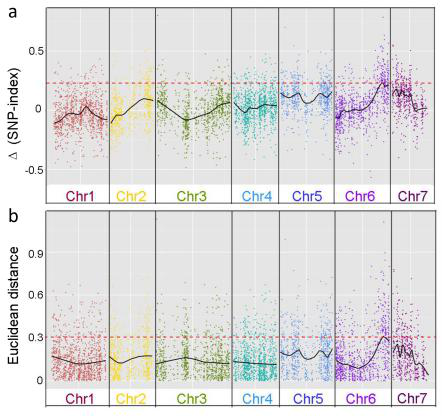 利用SLAF-seq的方法對親本及兩個(gè)極端混池進(jìn)行測序,親本測序深度分別為29.18×和22.85×,兩個(gè)混池的深度分別為50.6×和53.72×,以9930為參考基因組,利用△SNP-index和ED的方法計算顯著(zhù)關(guān)聯(lián)位點(diǎn),將關(guān)聯(lián)區域定位在6號染色體標記SLAF_marker_192310和SLAF_marker_192096之間,區間大小301kb(圖3)。
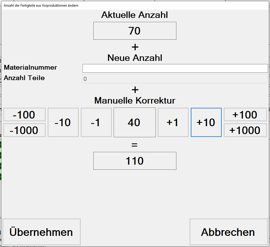 In the adjacent example, this means: Currently 70 finished parts plus 40 additional parts results in a total of 110 parts.\
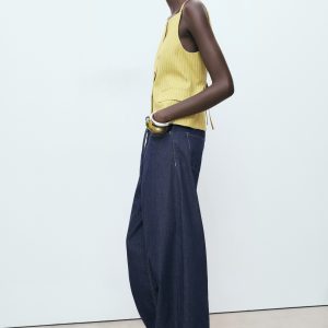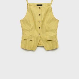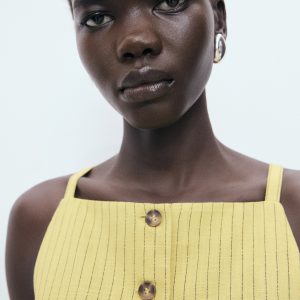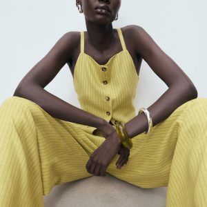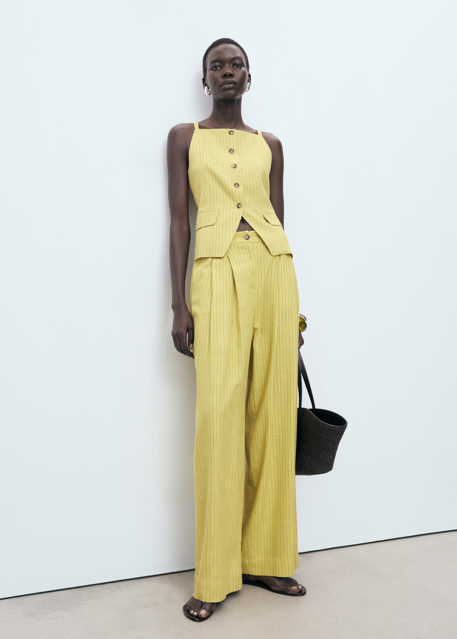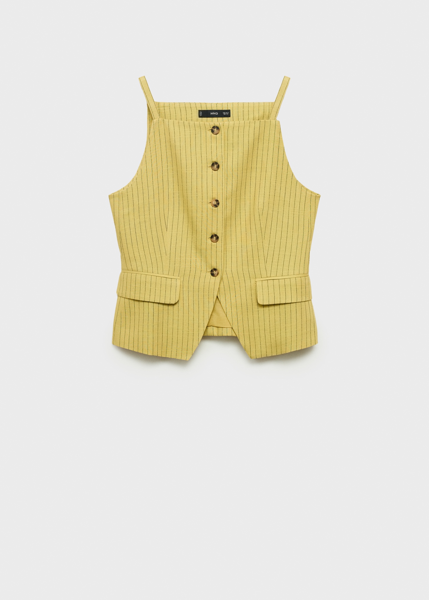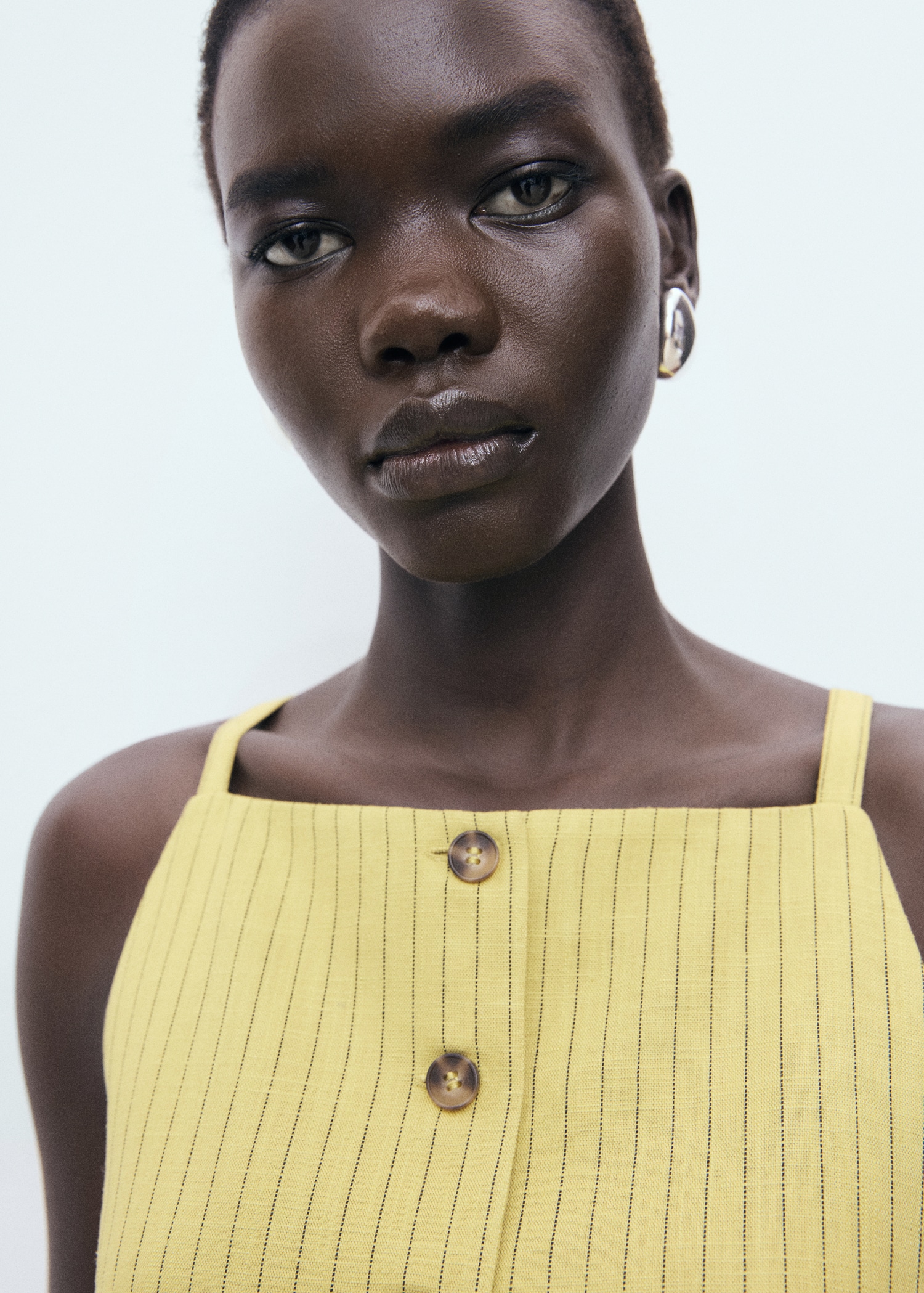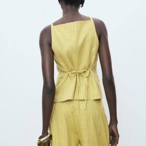 Striped suit-style top with a structured design and a straight neckline. Contains a blend of lyocell and linen. Thin straps and an adjustable tie at the back that enhances the figure. Perfect for a coordinated total look with the matching pants

-- -- --

AIM OF THE EXERCISE >> All of the material above should be output exactly, with the pictures left behind.

YOUR SOLUTION >>
 利用SLAF-seq的方法對親本及兩個(gè)極端混池進(jìn)行測序,親本測序深度分別為29.18×和22.85×,兩個(gè)混池的深度分別為50.6×和53.72×,以9930為參考基因組,利用△SNP-index和ED的方法計算顯著(zhù)關(guān)聯(lián)位點(diǎn),將關(guān)聯(lián)區域定位在6號染色體標記SLAF_marker_192310和SLAF_marker_192096之間,區間大小301kb(圖3)。
 In the adjacent example, this means: Currently 70 finished parts plus 40 additional parts results in a total of 110 parts.\
 Striped suit-style top with a structured design and a straight neckline. Contains a blend of lyocell and linen. Thin straps and an adjustable tie at the back that enhances the figure. Perfect for a coordinated total look with the matching pants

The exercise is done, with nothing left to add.